You also forgot to mention that the USPS has to fund retirement accounts for the next 75 years using their current revenues, which is a crippling blow when you consider that no private organization has to do that, and the employees on the tail end of that range haven't been born yet.

Re:

[Anonymous Coward]

Indeed. The Swiss post office has a pretty good thing going: they own SwissSign, which is a fairly common CA here. Certificates are available to the public, including high-security tokens that have the keys generated on the token and signed by the CA (who doesn't get the private key, of course) and are thus linked to you as an individual -- this is useful when needing to verify your identity over the internet. If the USPS could offer similar authentication tokens, it would be great for digitally signing doc

Argh, noun-y verbs

[wonkey_monkey]

Postal Service Tests 'Federal Cloud Credential Exchange'

TMTLAFY.

Banks

[ThatsNotPudding]

The USPS should offer banking services like in European countries. Specifically: zero-cost paycheck cashing so the poor with no bank accounts are not leached on by those scumbag check cashing / payday loan bastards.
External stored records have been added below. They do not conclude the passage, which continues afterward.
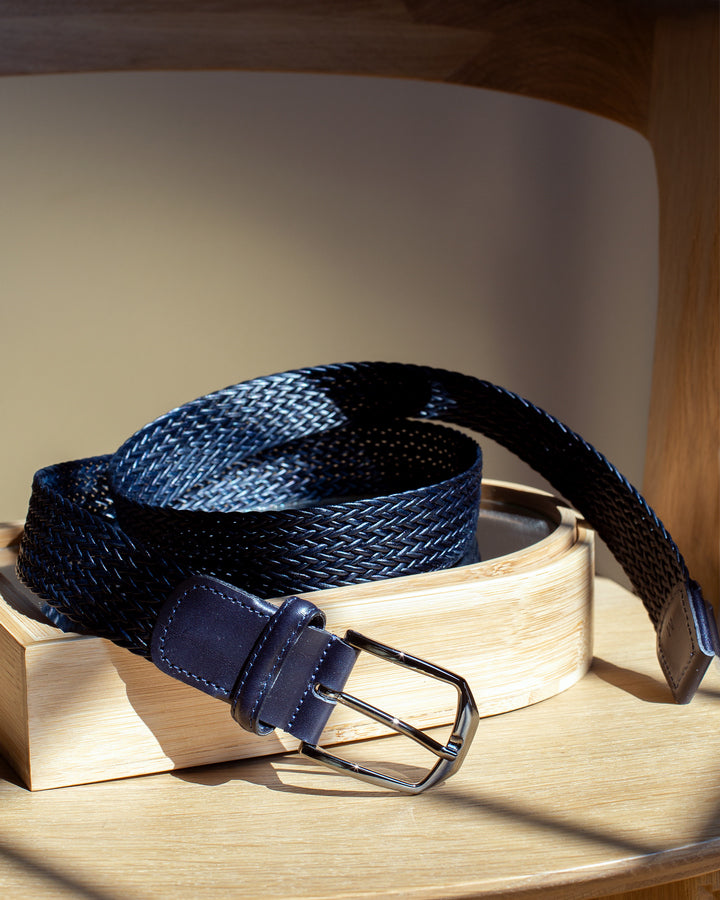 The first braided belt in the world to be completely made with leather threads obtained from scraps of recycled real leather and finely cut in strips with circular section.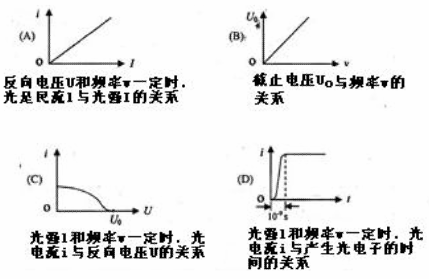 6.研究光电效应规律的实验装置如图所示,以频率为 v的光照 射光电管阴极 K时,有光电子产生。由于光电管 K、A间加的是反向电压,光电子从阴极 K发射后将向阳极 A作减速运动。光电流 I由图中电流计 G测出,反向电压 U由电压表向截止电压 U0。在下列表示光电效应实验规律的图像中,错误的是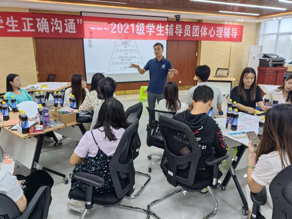 9月10日上午,“与学生正确沟通”--2021级学生辅导员心理团辅活动在明志楼311会议室召开,活动邀请通识教育学院薛飘老师主讲,全体2021级学生辅导员、梯队辅导员参加了团辅活动。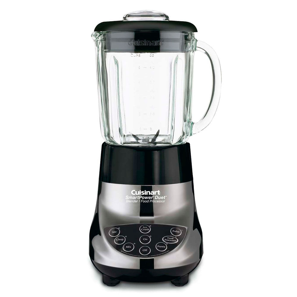 Batidora y procesadora de alimentos, este 2 en 1 tiene un potente motor quetritura hielo al instante sin agregar líquido.Esta muy inteligente y versátil SmartPower â„¢ 500 Watt Blender / Food Processor tiene suficiente potencia y velocidad para hacerlo todo. Motor de 500 vatios de máxima potencia con protección contra sobrecarga.Caracteristicas:- Carcasa de metal fundido a presión.- Jarra mezcladora de vidrio de 48 onzas con un conjunto de cuchillas de acero inoxidable ultra afilado de primera calidad- Accesorio para procesador de alimentos de 3 tazas con tubo de alimentación y empujador, disco de corte / trituración y cuchilla de corte de acero inoxidable- Controles electrónicos táctiles de 7 velocidades con indicadores LED- Tapa de medición extraíble de 2 onzas en la tapa de la jarra de la licuadora- Libro de recetas- Sin BPA sobrecarga.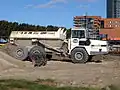 • Kofferaufbau: In der heute üblichen, wegen ihrer auch äußerlich separaten Form als Koffer bezeichnete Bauform ist der kastenförmig ausgeführte, rundum geschlossene und überdachte Laderaum nicht mit dem Führerhaus verbunden, sondern nur auf das Chassis aufgesetzt.

The cert role should be minimal

[Dutchmang]

I've argued for years about the need for a single, free authoritative certificate provider, and the Post Office is the obvious candidate. There's no need to do any deep checks or inspection though... Just make sure that the certificate is the same from use to use. Then let the history of usage improve its quality over time; e.g., certificate reputation. If I have paid utility bills and taxes with a certificate over a period of time, you can be pretty sure it's legitimately me. Yes certs can be stolen/lo

Piloting in the cloud?

[asylumx]

The headline about piloting things in the cloud really threw me off. I was hoping for something aviation oriented and got something completely unrelated. Ug.

Rush Rush....

[SirAstral]

Be sure to hurry up and give up all of your freedoms and private for Big Brother... no reason to wait when you can hurry it along and get a little friendly jail time for it too.

I do not know of a single person whom has not broken the law online even by accident. My 4 yr old niece has already done things not legal.

The difference between you and a government official is that the government official gets away with it.

Postal Service Pilots

[rossdee]

The USPS has its own planes? That sounds innefficient, no wonder they are losing money.

USPS email address?

[cockpitcomp]

Does this lead to email via USPS, having all the reliability and legal implications as paper mail? Sounds good to me, I do trust them more than the email provided by my ISP and having to buy a stamp would really help with the spam.